EXERCISE: Each line below from the one containing "Halloween Corner Eye" through the one containing "IPL食品級(jí)鋼絲PU" is to be given again exactly, and no line outside that span.

RECORDS PROVIDED:
# # # # #

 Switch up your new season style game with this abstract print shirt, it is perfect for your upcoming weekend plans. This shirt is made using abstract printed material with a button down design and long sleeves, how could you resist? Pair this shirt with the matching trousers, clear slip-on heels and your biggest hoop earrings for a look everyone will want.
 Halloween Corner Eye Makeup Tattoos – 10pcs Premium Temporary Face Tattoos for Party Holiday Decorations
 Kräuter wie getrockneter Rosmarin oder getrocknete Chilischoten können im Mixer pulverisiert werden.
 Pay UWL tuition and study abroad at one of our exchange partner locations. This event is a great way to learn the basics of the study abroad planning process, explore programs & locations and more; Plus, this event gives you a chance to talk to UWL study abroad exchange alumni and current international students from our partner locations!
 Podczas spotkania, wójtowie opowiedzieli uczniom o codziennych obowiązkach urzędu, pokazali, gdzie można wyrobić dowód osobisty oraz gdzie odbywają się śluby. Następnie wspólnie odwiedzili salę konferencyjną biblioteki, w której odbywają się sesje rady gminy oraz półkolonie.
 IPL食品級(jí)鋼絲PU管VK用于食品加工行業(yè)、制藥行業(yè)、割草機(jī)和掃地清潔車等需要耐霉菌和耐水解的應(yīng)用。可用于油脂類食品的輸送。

# # # # #

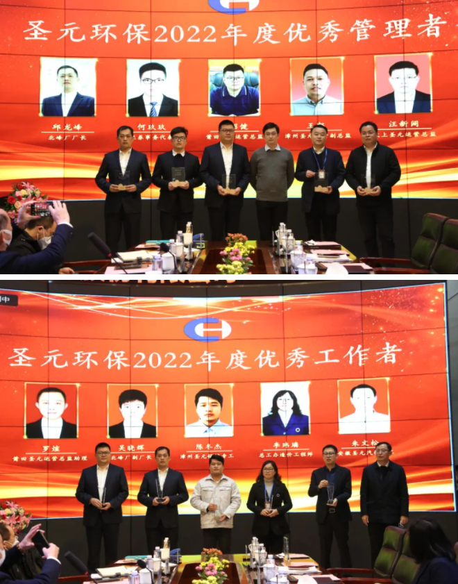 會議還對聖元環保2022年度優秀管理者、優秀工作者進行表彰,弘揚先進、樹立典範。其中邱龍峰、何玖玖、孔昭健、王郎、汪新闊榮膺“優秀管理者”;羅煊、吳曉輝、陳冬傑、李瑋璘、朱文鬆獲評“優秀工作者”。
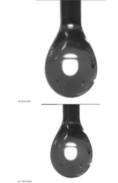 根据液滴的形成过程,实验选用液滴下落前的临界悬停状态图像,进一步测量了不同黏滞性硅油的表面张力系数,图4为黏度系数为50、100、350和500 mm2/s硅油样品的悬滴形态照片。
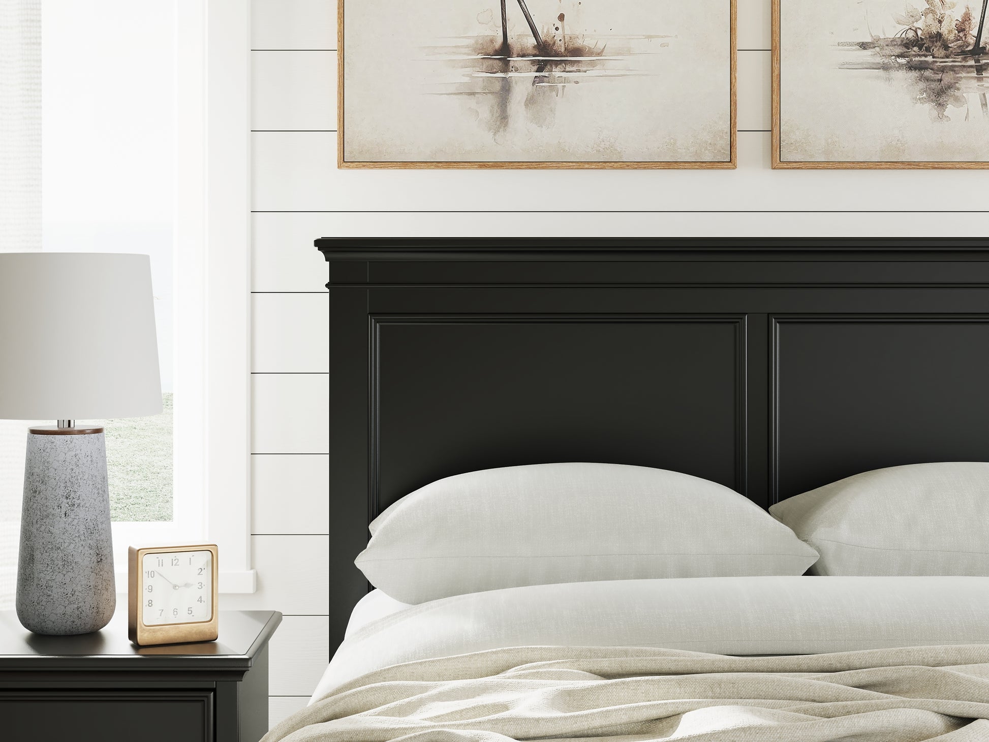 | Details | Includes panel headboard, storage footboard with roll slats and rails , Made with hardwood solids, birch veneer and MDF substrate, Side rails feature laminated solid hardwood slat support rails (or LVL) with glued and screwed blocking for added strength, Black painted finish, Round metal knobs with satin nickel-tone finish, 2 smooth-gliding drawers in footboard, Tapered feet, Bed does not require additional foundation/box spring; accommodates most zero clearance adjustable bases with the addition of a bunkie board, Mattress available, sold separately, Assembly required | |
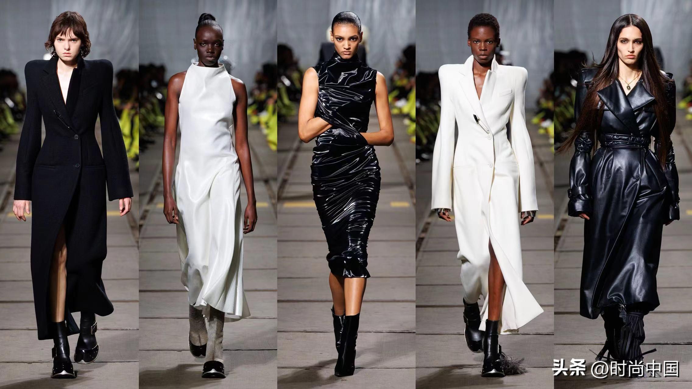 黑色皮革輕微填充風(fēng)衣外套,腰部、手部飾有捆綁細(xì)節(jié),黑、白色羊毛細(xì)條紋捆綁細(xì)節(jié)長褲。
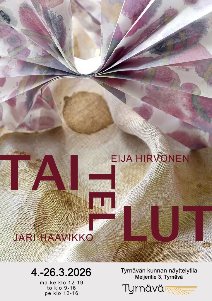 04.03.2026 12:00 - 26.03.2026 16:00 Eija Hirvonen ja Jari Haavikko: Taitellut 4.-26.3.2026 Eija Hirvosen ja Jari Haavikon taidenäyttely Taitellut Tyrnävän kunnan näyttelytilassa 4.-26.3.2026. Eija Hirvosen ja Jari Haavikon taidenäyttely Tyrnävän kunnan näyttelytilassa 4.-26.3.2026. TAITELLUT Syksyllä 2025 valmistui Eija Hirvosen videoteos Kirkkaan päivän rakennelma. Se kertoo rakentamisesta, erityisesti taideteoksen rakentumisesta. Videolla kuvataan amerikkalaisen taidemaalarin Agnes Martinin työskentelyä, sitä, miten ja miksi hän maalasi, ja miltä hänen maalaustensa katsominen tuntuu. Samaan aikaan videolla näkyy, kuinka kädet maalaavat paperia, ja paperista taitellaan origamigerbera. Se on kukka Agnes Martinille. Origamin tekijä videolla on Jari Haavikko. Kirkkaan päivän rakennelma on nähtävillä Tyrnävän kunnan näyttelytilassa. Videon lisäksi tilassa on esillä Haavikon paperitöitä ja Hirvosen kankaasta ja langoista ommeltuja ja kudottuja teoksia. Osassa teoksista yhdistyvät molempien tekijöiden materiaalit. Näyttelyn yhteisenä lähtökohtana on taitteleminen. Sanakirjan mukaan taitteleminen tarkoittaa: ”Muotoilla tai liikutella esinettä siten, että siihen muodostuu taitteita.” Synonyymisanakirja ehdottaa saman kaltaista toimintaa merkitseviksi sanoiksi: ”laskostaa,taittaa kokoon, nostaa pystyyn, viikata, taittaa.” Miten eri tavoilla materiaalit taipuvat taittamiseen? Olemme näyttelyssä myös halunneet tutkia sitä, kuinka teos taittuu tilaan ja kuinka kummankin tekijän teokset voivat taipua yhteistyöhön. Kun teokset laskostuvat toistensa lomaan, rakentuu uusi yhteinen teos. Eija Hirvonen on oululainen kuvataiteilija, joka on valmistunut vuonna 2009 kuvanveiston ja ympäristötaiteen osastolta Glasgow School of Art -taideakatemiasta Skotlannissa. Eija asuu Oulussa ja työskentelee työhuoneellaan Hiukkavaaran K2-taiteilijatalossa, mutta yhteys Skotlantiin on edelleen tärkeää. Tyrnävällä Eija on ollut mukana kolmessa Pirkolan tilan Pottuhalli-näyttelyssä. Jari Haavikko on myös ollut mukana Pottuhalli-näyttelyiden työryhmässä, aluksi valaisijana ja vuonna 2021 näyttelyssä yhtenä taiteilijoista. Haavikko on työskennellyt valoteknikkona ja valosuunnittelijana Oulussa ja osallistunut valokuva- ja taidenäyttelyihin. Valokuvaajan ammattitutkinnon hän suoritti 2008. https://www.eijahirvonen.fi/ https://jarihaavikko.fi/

# # # # #

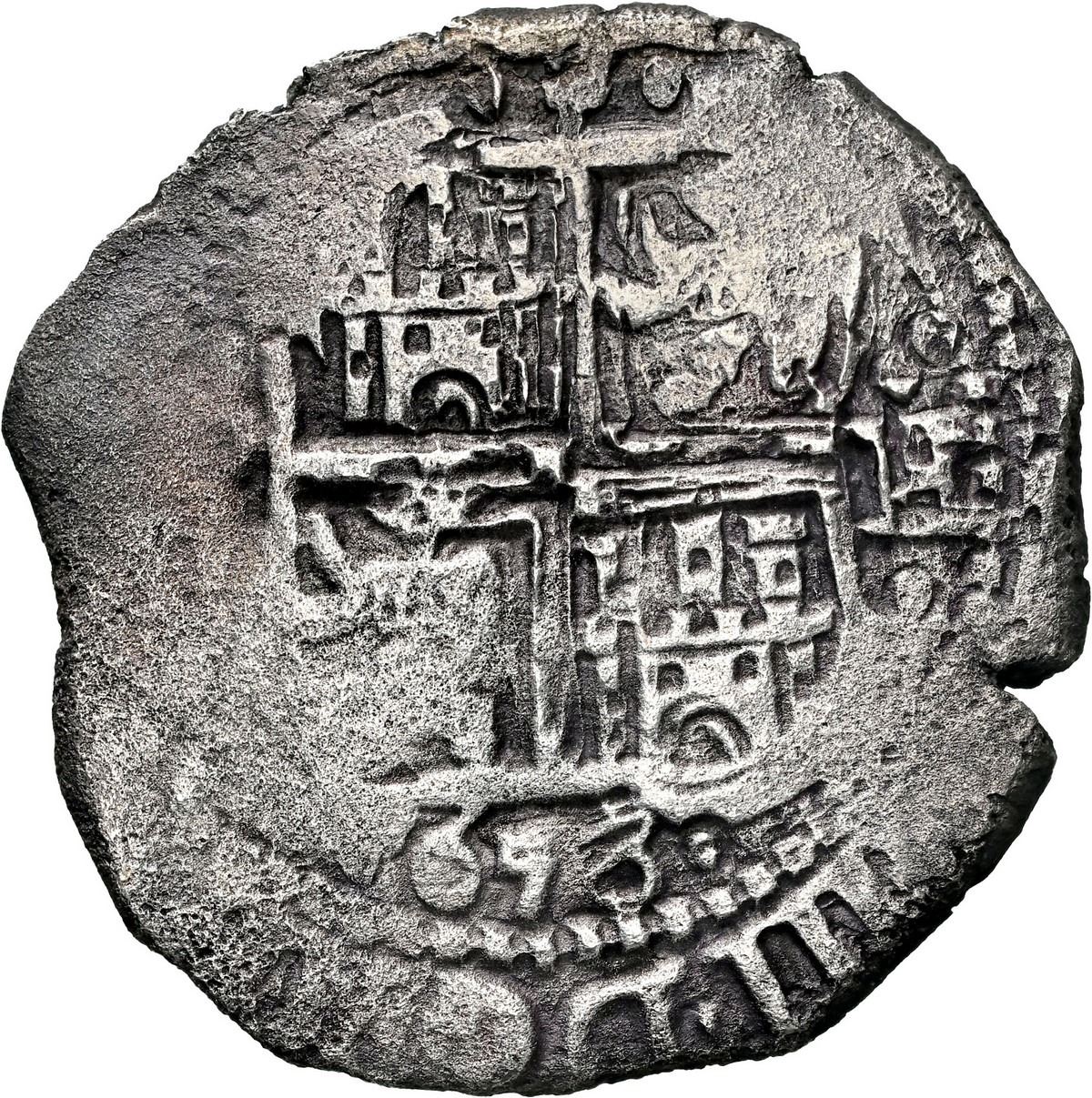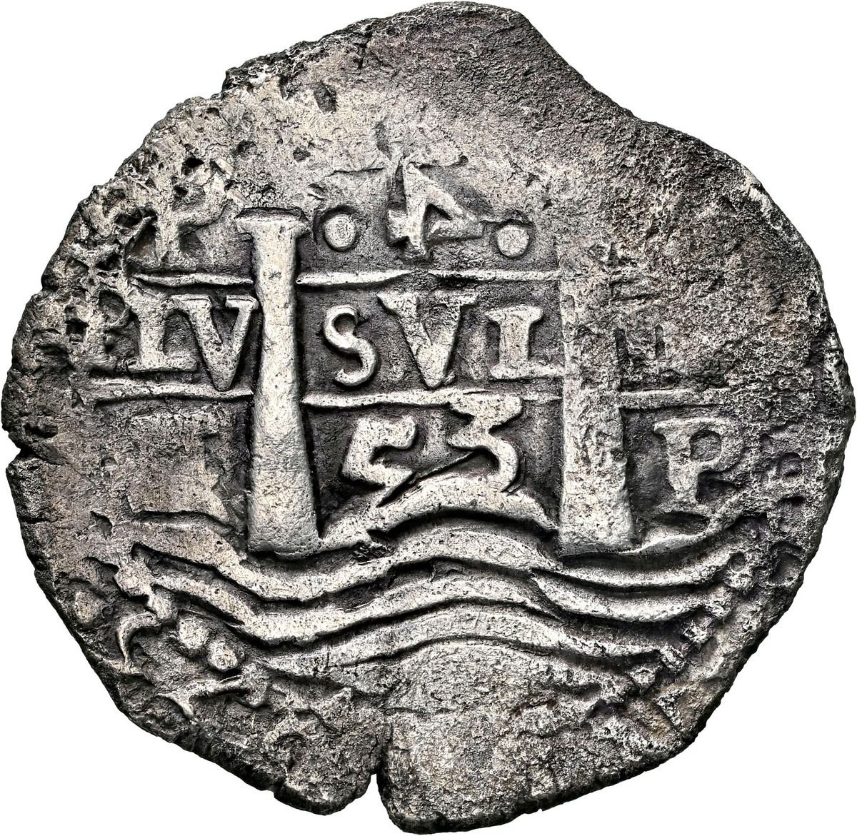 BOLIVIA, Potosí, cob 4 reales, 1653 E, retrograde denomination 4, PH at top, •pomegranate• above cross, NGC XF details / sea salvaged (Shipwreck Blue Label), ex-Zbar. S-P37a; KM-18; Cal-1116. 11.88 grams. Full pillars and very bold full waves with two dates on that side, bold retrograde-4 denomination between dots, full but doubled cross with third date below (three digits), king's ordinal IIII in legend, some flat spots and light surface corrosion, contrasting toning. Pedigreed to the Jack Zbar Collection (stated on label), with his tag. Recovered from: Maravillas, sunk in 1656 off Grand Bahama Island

# # # # #

EXERCISE SOLUTION:
 Halloween Corner Eye Makeup Tattoos – 10pcs Premium Temporary Face Tattoos for Party Holiday Decorations
 Kräuter wie getrockneter Rosmarin oder getrocknete Chilischoten können im Mixer pulverisiert werden.
 Pay UWL tuition and study abroad at one of our exchange partner locations. This event is a great way to learn the basics of the study abroad planning process, explore programs & locations and more; Plus, this event gives you a chance to talk to UWL study abroad exchange alumni and current international students from our partner locations!
 Podczas spotkania, wójtowie opowiedzieli uczniom o codziennych obowiązkach urzędu, pokazali, gdzie można wyrobić dowód osobisty oraz gdzie odbywają się śluby. Następnie wspólnie odwiedzili salę konferencyjną biblioteki, w której odbywają się sesje rady gminy oraz półkolonie.
 IPL食品級(jí)鋼絲PU管VK用于食品加工行業(yè)、制藥行業(yè)、割草機(jī)和掃地清潔車等需要耐霉菌和耐水解的應(yīng)用。可用于油脂類食品的輸送。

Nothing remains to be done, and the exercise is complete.